**EXERCISE DESCRIPTION**. Below are records with pictures in them. Output exactly the lines from the one with "Welcome to Unit" through the one with "Każdy szanujący się", both included, and leave every picture out; give only those lines.

**RECORDS**.

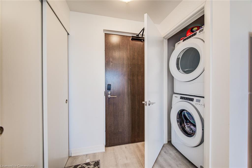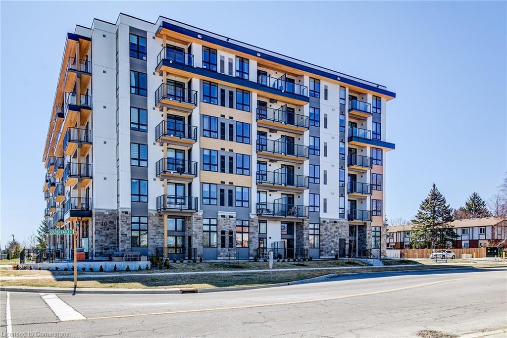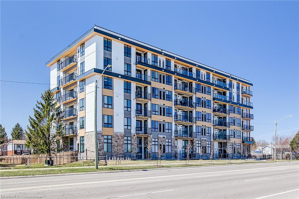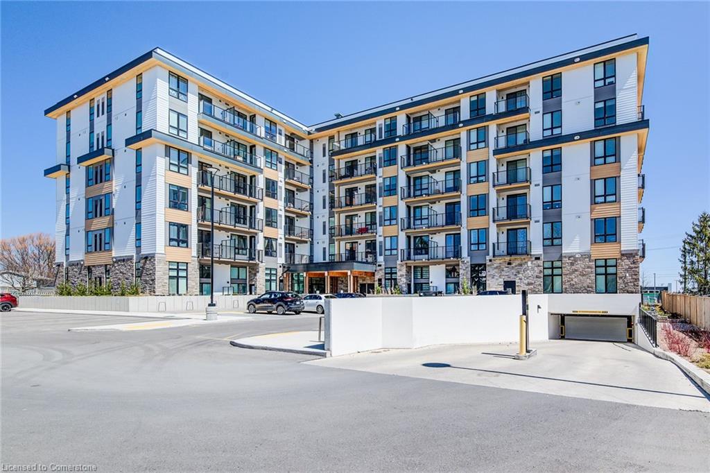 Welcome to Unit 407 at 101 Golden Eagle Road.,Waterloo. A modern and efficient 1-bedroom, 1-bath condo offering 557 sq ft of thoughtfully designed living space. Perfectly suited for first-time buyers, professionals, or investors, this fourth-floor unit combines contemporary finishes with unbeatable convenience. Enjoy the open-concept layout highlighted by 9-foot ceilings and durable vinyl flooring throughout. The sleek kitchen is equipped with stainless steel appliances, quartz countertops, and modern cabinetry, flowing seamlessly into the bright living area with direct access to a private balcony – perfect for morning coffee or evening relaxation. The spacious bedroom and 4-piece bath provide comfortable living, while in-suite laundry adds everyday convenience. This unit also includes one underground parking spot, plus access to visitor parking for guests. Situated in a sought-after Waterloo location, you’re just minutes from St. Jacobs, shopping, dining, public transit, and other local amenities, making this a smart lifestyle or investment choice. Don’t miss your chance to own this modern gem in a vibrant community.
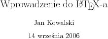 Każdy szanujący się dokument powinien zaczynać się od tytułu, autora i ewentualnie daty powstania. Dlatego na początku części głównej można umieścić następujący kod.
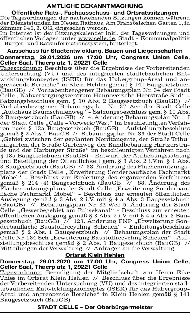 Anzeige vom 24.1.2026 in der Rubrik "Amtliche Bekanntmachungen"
--
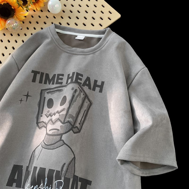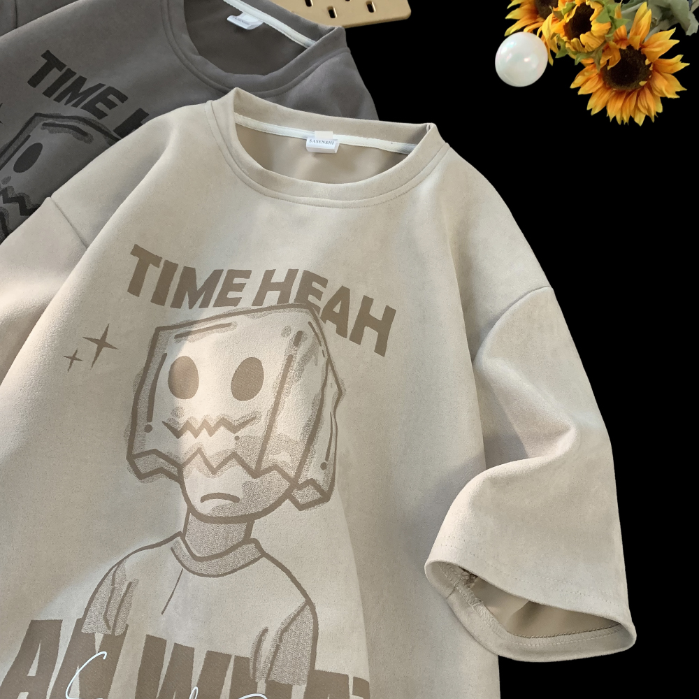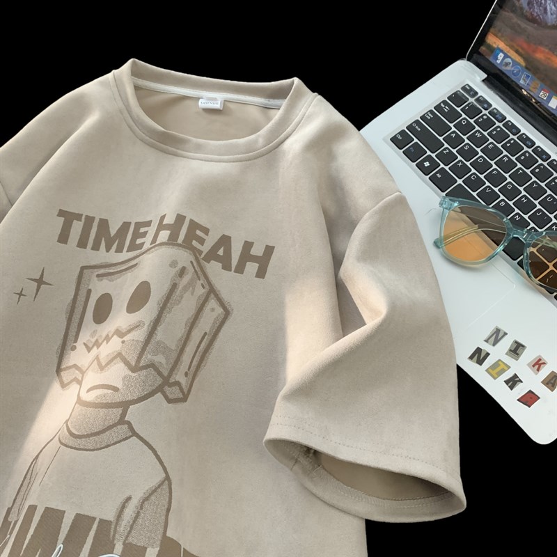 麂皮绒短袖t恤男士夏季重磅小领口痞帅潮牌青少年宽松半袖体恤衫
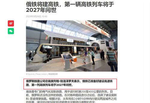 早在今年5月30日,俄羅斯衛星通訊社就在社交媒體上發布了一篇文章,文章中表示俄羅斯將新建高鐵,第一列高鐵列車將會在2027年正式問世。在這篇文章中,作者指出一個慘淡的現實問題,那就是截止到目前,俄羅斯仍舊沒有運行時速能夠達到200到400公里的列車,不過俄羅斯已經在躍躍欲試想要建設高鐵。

**OUTPUT**.
 Welcome to Unit 407 at 101 Golden Eagle Road.,Waterloo. A modern and efficient 1-bedroom, 1-bath condo offering 557 sq ft of thoughtfully designed living space. Perfectly suited for first-time buyers, professionals, or investors, this fourth-floor unit combines contemporary finishes with unbeatable convenience. Enjoy the open-concept layout highlighted by 9-foot ceilings and durable vinyl flooring throughout. The sleek kitchen is equipped with stainless steel appliances, quartz countertops, and modern cabinetry, flowing seamlessly into the bright living area with direct access to a private balcony – perfect for morning coffee or evening relaxation. The spacious bedroom and 4-piece bath provide comfortable living, while in-suite laundry adds everyday convenience. This unit also includes one underground parking spot, plus access to visitor parking for guests. Situated in a sought-after Waterloo location, you’re just minutes from St. Jacobs, shopping, dining, public transit, and other local amenities, making this a smart lifestyle or investment choice. Don’t miss your chance to own this modern gem in a vibrant community.
 Każdy szanujący się dokument powinien zaczynać się od tytułu, autora i ewentualnie daty powstania. Dlatego na początku części głównej można umieścić następujący kod.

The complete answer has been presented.